Exercise directions:
The answer must consist solely of the lines from the one containing "关于我们:来自国内的***品" through the last line of the records, set down exactly and without any pictures.

═══ Material provided

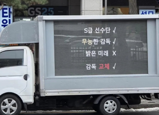 直播吧2月4日讯 此前LCKCUP上有九支战队晋级季后赛,仅HLE率先告别。对此HLE粉丝开启了LCK经典的卡车抗议环节:S级选手阵容✓无能的教练✓光明的未来✗更换教练✓,Hommeout!
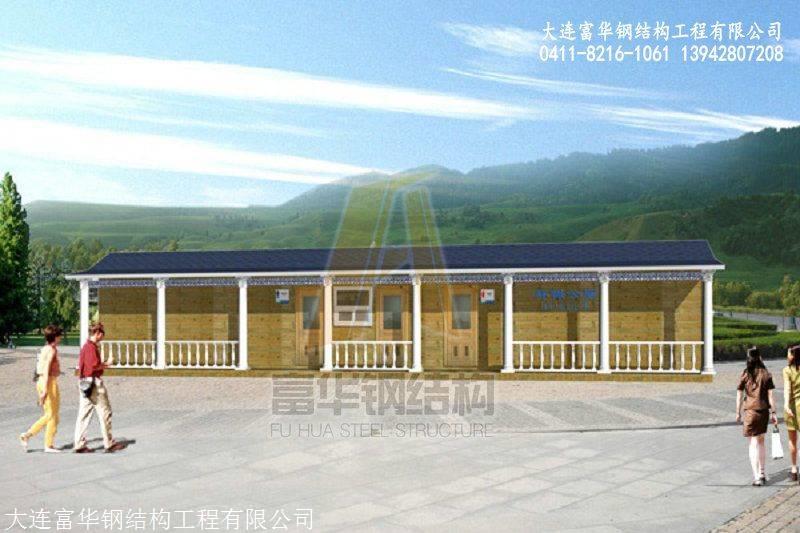 关于我们:来自国内的***品牌:富华集城房屋前身为大连富华钢结构工程有限公司,富华***专注生产各式可移动式多功能房屋产品,目前产品涵盖范围包括(但不限于)整体房屋、轻钢别墅、别墅轻体房、环保厕所、微生物厕所、免水冲型移动厕所、泡沫封堵式生态厕所、多功能景区厕所、欧式保安亭、各式岗亭、值班室、垃圾房、生态房屋、整体房屋、欧式岗亭、轻钢房屋、别墅轻体房、景区小木屋、整体移动房、轻体房、保安亭、售货亭、生态别墅、木屋别墅、移动房、被动房、环保厕所、旅游区景观多功能房屋。环卫休息室、配电房、设备房、以及其他未定义的可定制型房屋产品。
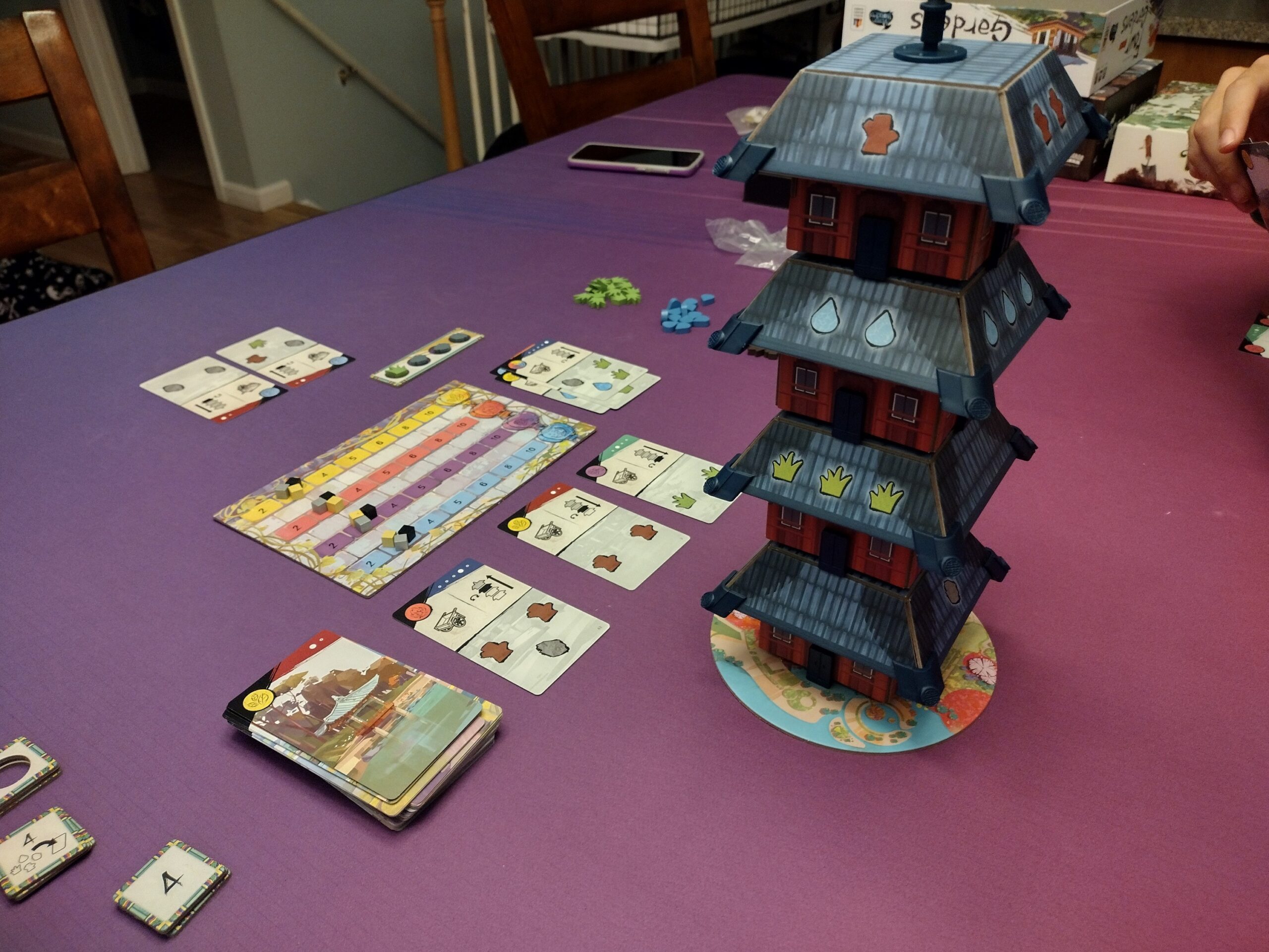 Overall, I mostly found the game to be just fine. The restrictiveness of your cards, since you need them for multiple things, is interesting, but can also make for some long turns as players debate what they can use without hurting their strategy. Add in the restrictiveness of only holding 4 to 5 resources, and having to take things in certain orders according to the pagoda, and it can be very difficult to get what you need at times.
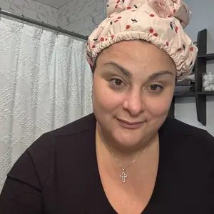 This is My 2nd Purchase of Kitsch Satin lined shower cap & Im absolutely obsessed in love w it omfgg it keeps my hair in place not an ounce of water gets into it I love it soooooo much I really do I will be buying more & more & more because it’s just that great I’m forever a customer 10 out of 10🤍✨
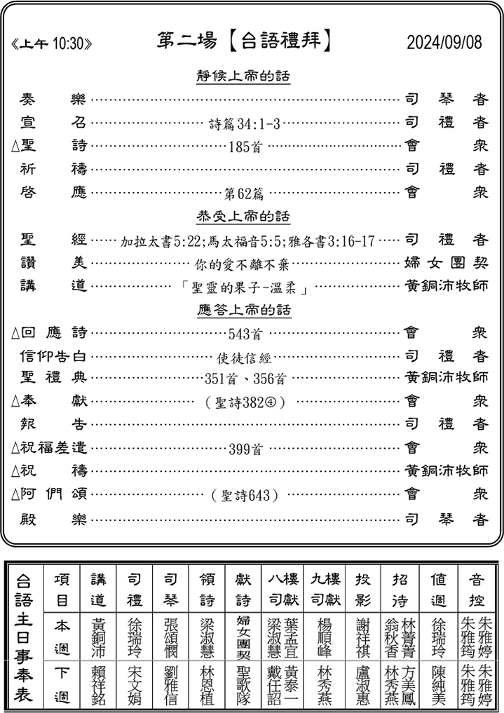 - 本主日(9/8)台語禮拜後(12:20)召開長執會,敬備午餐茶點,請至七樓用餐。

══════

Answer section:
 关于我们:来自国内的***品牌:富华集城房屋前身为大连富华钢结构工程有限公司,富华***专注生产各式可移动式多功能房屋产品,目前产品涵盖范围包括(但不限于)整体房屋、轻钢别墅、别墅轻体房、环保厕所、微生物厕所、免水冲型移动厕所、泡沫封堵式生态厕所、多功能景区厕所、欧式保安亭、各式岗亭、值班室、垃圾房、生态房屋、整体房屋、欧式岗亭、轻钢房屋、别墅轻体房、景区小木屋、整体移动房、轻体房、保安亭、售货亭、生态别墅、木屋别墅、移动房、被动房、环保厕所、旅游区景观多功能房屋。环卫休息室、配电房、设备房、以及其他未定义的可定制型房屋产品。
 Overall, I mostly found the game to be just fine. The restrictiveness of your cards, since you need them for multiple things, is interesting, but can also make for some long turns as players debate what they can use without hurting their strategy. Add in the restrictiveness of only holding 4 to 5 resources, and having to take things in certain orders according to the pagoda, and it can be very difficult to get what you need at times.
 This is My 2nd Purchase of Kitsch Satin lined shower cap & Im absolutely obsessed in love w it omfgg it keeps my hair in place not an ounce of water gets into it I love it soooooo much I really do I will be buying more & more & more because it’s just that great I’m forever a customer 10 out of 10🤍✨
 - 本主日(9/8)台語禮拜後(12:20)召開長執會,敬備午餐茶點,請至七樓用餐。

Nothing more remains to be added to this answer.